Excitement is growing! This thing is starting to sizzle like fatback in a frying pan!
I told you so!!
Yeah I saw that. But they are reducing the AS also. In the last year their tone has changed. I think they are getting shareholder pressure to start showing profits. Their last few PRs mentioned this summer for their next milestone. It is just a therory but if you reduce your float just before a big PR then you can get your sp up into the dollars instead of pennies and then attract inst. investors. These are not pump and dump CEOs rather they are scientist who just want to invent things and could care less about making money. JMO
Oh I just threw out the "take off" line to see if anyone was watching
On June 5, 2009, the Registrant filed a Certificate of Amendment to its Amended and Restated Certificate of Incorporation with the Delaware Secretary of State which serves to effect, as of June 29, 2009, a 1-for-30 reverse split of the Registrant's common stock. As a result of the reverse stock split, every 30 shares of the Registrant's common stock will be combined into one share of common stock, and any fractional shares created by the reverse stock split will be rounded up to whole shares. The reverse stock split affects all of the Registrant's common stock, stock options and warrants outstanding immediately prior to the effective date of the reverse stock split. The reverse split, which was approved by the Registrant's stockholders at the annual meeting held on September 16, 2008, will reduce the number of shares of the Registrant's common stock outstanding from 130,217,808 shares to approximately 4,342,000 shares, and the number of authorized shares of common stock will be reduced from 200,000,000 shares to 100,000,000 shares. The Certificate of Amendment is filed as Exhibit 2.1 hereto.
I dont think sooo!
News out today as well. This is so undervalued. They have 2.5 mill in cash with major partners. This one will boom soon.

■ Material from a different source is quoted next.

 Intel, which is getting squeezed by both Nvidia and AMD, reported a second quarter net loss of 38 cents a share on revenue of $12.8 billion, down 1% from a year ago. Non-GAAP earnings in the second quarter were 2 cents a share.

http://biz.yahoo.com/bw/080728/20080728005079.html?.v=1
BottomBuster Alert DD Post on APNS.OB (.06) Extremely Undervalued Biotech Play w/Major Partners (Eli Lilly, Takeda, & others) & Strong Financial Backing! Major Alzheimer's Conference this week to set opportunities in motion.
http://www.alz.org/icad/
Dinner Presentation by Lilly to discuss the clinical biomarker of APNS.OB
http://www.appliedneurosolutions.com/doc/APNS_8K_April_2008-Lilly-Milestone.doc
Pfizer to Showcase Alzheimer's Research and Pipeline at Upcoming Alzheimer's Disease Medical Meeting
1:00p ET July 14, 2008 (Business Wire)
Pfizer, Inc announced today that it will present nine abstracts from its Alzheimer's disease (AD) research and development program, including three on the two promising investigational therapies in the early stages of development, at the 2008 Alzheimer's Association International Conference on Alzheimer's Disease (ICAD) in Chicago, July 26-31.
Pfizer will also host an analyst briefing at ICAD to review its neuroscience pipeline and platform on Monday, July 28. In addition, Pfizer will sponsor a satellite symposium, "Innovative Approaches to Alzheimer's Disease: Developing the Next Generation of Treatment," on Tuesday, July 29.

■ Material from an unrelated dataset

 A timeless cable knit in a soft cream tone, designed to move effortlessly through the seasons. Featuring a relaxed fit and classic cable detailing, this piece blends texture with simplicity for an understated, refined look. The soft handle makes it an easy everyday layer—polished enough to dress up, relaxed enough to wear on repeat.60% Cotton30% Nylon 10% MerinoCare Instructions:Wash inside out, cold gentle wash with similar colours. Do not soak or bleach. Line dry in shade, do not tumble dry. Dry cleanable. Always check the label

"With the expected huge increase in the incidence of Alzheimer's disease worldwide in the next 25 years, Pfizer's neuroscience team has made this devastating illness our highest priority," said Dr. Liam Ratcliffe, senior vice president and development head for Pfizer Neuroscience. "With new insights into the underlying causes of Alzheimer's discovered in only the past few years, our scientists are working to develop new medicines that improve memory and other cognitive function, and importantly halt or significantly slow the progression of the disease. We are also working on approaches that could lead to earlier and better diagnosis."
Pfizer's investigational compounds target multiple pathways to combat AD, beta amyloid, the harmful protein that builds up in the brains of AD patients; amyloid plaques, the sticky deposits made of beta amyloid fragments that impair the function of brain cells; chronic inflammation of neurons, and loss of function across the synapses (or gaps) between neurons.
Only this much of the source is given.